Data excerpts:
= Beginning of Section =

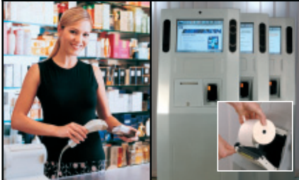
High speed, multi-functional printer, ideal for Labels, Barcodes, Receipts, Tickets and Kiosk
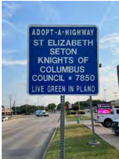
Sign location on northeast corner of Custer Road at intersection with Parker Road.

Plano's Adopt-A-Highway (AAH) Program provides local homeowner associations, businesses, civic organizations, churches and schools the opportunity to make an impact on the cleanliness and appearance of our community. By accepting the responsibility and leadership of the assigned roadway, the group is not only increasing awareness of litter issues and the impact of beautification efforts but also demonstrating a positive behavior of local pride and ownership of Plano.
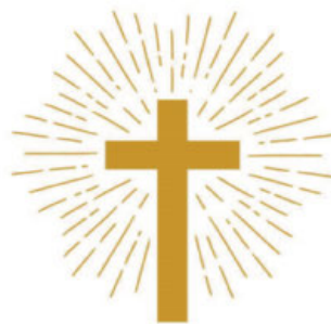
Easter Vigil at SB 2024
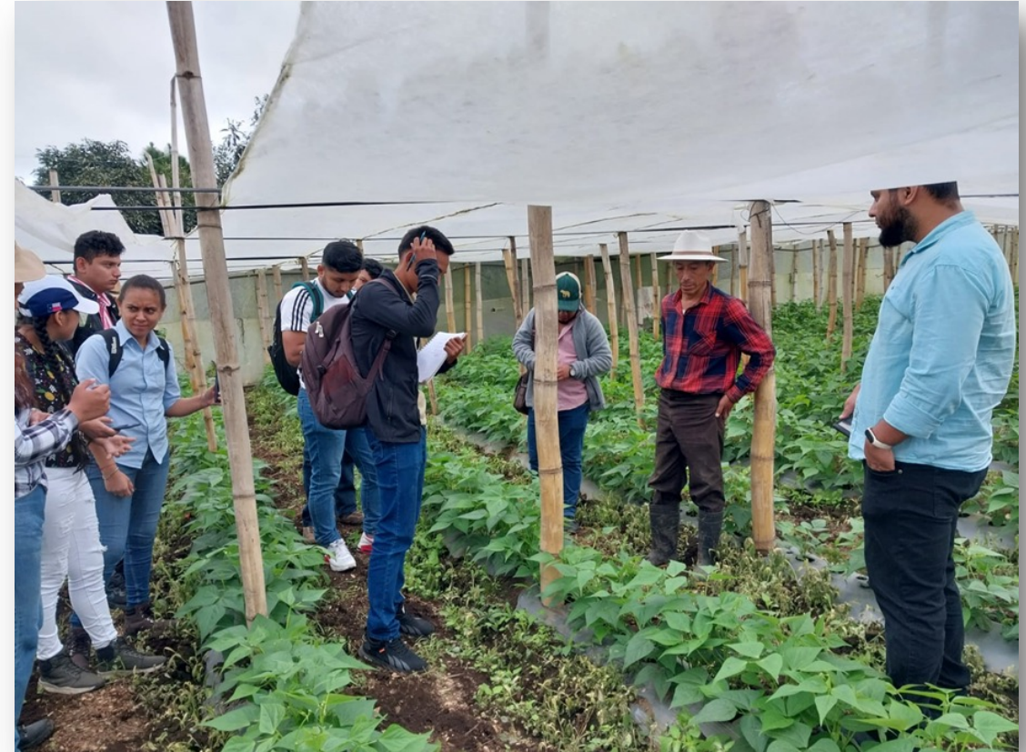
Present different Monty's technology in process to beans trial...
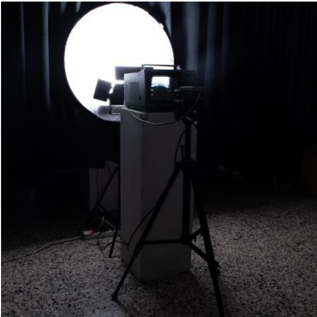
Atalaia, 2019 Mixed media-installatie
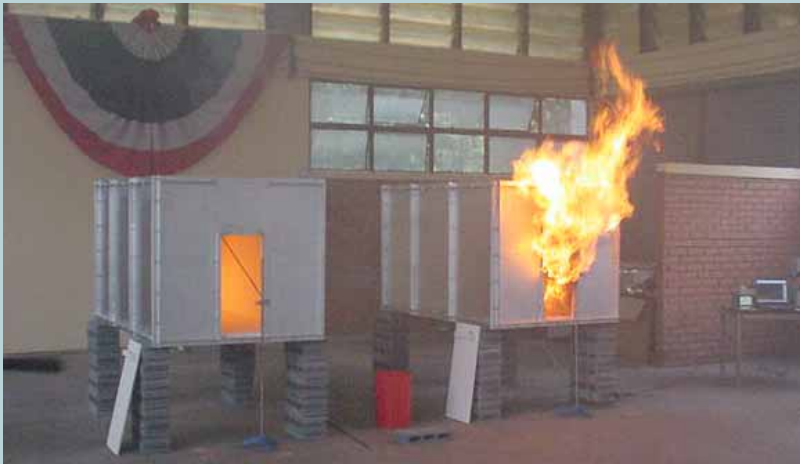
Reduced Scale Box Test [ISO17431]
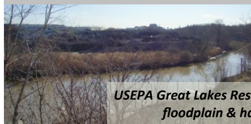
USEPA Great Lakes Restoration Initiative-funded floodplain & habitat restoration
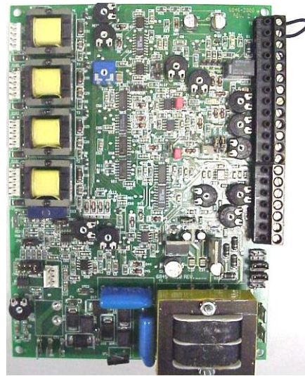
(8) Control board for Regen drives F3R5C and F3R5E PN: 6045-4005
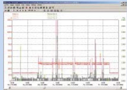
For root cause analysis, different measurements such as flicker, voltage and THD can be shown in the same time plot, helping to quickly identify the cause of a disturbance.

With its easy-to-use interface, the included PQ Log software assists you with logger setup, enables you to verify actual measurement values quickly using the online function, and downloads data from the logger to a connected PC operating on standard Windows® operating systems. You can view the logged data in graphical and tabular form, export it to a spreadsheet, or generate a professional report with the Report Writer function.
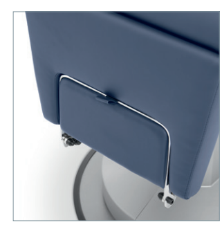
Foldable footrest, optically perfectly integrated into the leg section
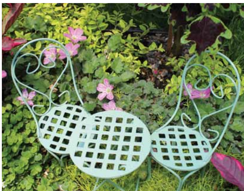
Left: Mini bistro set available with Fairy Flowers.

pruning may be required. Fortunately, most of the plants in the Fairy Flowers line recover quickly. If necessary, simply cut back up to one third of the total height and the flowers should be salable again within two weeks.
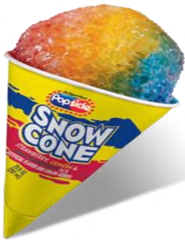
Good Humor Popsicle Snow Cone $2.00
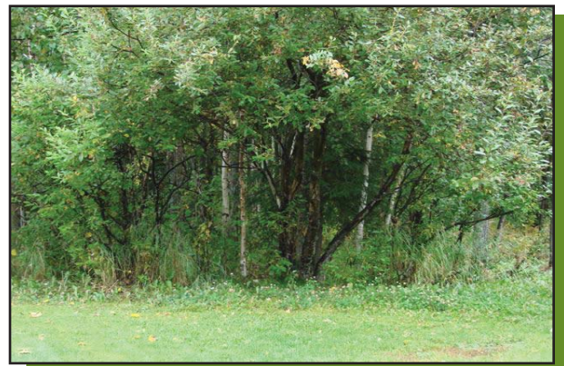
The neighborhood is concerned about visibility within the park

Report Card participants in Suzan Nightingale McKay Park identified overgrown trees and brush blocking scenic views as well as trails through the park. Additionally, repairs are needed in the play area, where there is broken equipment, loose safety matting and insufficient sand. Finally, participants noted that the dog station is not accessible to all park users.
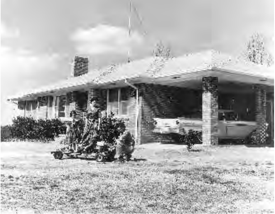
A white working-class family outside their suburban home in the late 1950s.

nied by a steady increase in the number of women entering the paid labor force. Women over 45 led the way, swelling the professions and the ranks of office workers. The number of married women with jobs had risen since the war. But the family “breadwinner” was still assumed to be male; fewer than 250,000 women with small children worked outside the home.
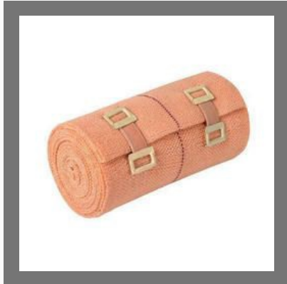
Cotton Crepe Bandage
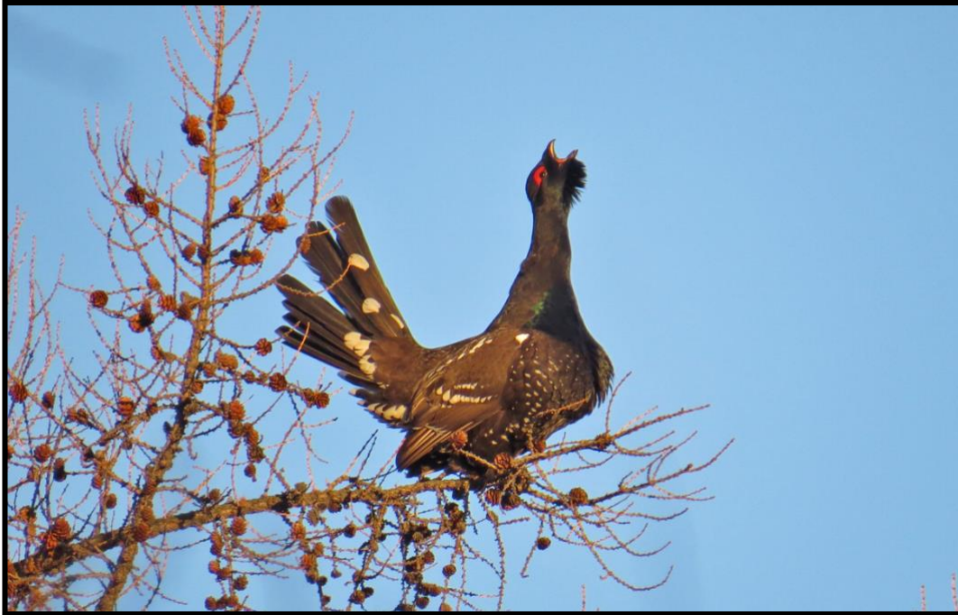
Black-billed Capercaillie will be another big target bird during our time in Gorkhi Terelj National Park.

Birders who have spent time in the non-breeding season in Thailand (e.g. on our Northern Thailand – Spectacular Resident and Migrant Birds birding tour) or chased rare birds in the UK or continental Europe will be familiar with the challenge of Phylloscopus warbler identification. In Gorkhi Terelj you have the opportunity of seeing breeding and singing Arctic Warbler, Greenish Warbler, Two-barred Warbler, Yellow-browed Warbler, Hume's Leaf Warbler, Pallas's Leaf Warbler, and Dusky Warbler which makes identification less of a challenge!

= End of Section =

• Task details:
Exactly the lines from the start of the entries above through the line with "Sign location on" should be reproduced, and nothing else; drop the pictures.

• Exercise solution:
High speed, multi-functional printer, ideal for Labels, Barcodes, Receipts, Tickets and Kiosk
Sign location on northeast corner of Custer Road at intersection with Parker Road.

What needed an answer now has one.